Вернувшись в Лондон, он застал жену в тяжелом состоянии. Своим друзьям по больнице он горестно говорил: «Она не встанет». Миссис Макмиллан пришла проведать Сарин. Флеминг сам открыл дверь. «Я никогда не забуду, – пишет Макмиллан, – с каким выражением лица он сказал: „Самое ужасное, что пенициллин не может ей помочь... Его еще не умели производить, когда умер Джон, а теперь его производят, но Сарин он бесполезен“. Флеминг ухаживал за женой с бесконечной нежностью. Она умерла в ноябре 1949 года. Ее смерть была для Флеминга тяжелым ударом. Он сказал своему старому и любимому другу, доктору Юнгу: „Моя жизнь разбита“. В течение тридцати четырех лет Сарин была его подругой, придавала ему бодрости в трудное время, вместе с ним работала в их саду и помогала ему стойко выдержать успех, когда, наконец, пришла слава.
Похоронив ее, Флеминг в тот же день пришел в лабораторию и, как всегда во время чаепития в библиотеке, занял свое место во главе стола. Он не говорил о своем горе, но постарел на двадцать лет. Глаза у него были красные. В течение нескольких недель он выглядел трогательным старичком с дрожащими руками. Он стал еще позже засиживаться на работе и закрывал дверь в свою лабораторию, чего раньше никогда не делал.
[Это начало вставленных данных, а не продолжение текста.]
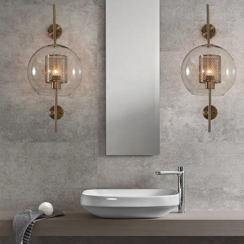 Промышленный стиль гостиной настенный светильник 20 см 25 см прозрачный стеклянный абажур Ретро креативный Лофт настенный светильник для прохода лестницы спальни

Каждый вечер он по-прежнему бывал в клубе художников и оставался там дольше, чем раньше. В опустевшем доме ему было одиноко и тоскливо. Придя из клуба, он, чтобы скоротать вечер, с грустью перевешивал картины. Этажом выше жила сестра Сарин – Элизабет, вдова Джона Флеминга. Сестры-близнецы были очень похожи внешне, но совершенно разные по характеру. Насколько Сарин до болезни была веселой, шумной и жизнерадостной, настолько Элизабет была меланхоличной, особенно после того, как потеряла мужа. После смерти Сарин она часто впадала в состояние депрессии. Флеминг, по своей доброте и преданности родным, предложил ей обедать вместе. Некоторое время с ним жили еще его сын Роберт и племянник – оба студенты Сент-Мэри. Но затем Роберт стал проходить практику в больнице, а позже, в 1951 году, уехал в колонии отбывать военную службу. Сэр Александр оказался в полном одиночестве. На субботу и воскресенье он уезжал в Редлетт, к своему брату, но всю неделю этот еще не старый человек с молодой душой все вечера проводил с пожилой и больной женщиной. К счастью, умная и преданная Алиса Маршалл – она вела хозяйство с тех пор, как слегла Сарин, – прилагала все усилия, чтобы сделать для него жизнь, насколько это было возможно, спокойной и терпимой.
43
Уистлер (1834—1903) – американский художник.
44
Тернер (1775—1851) – английский художник.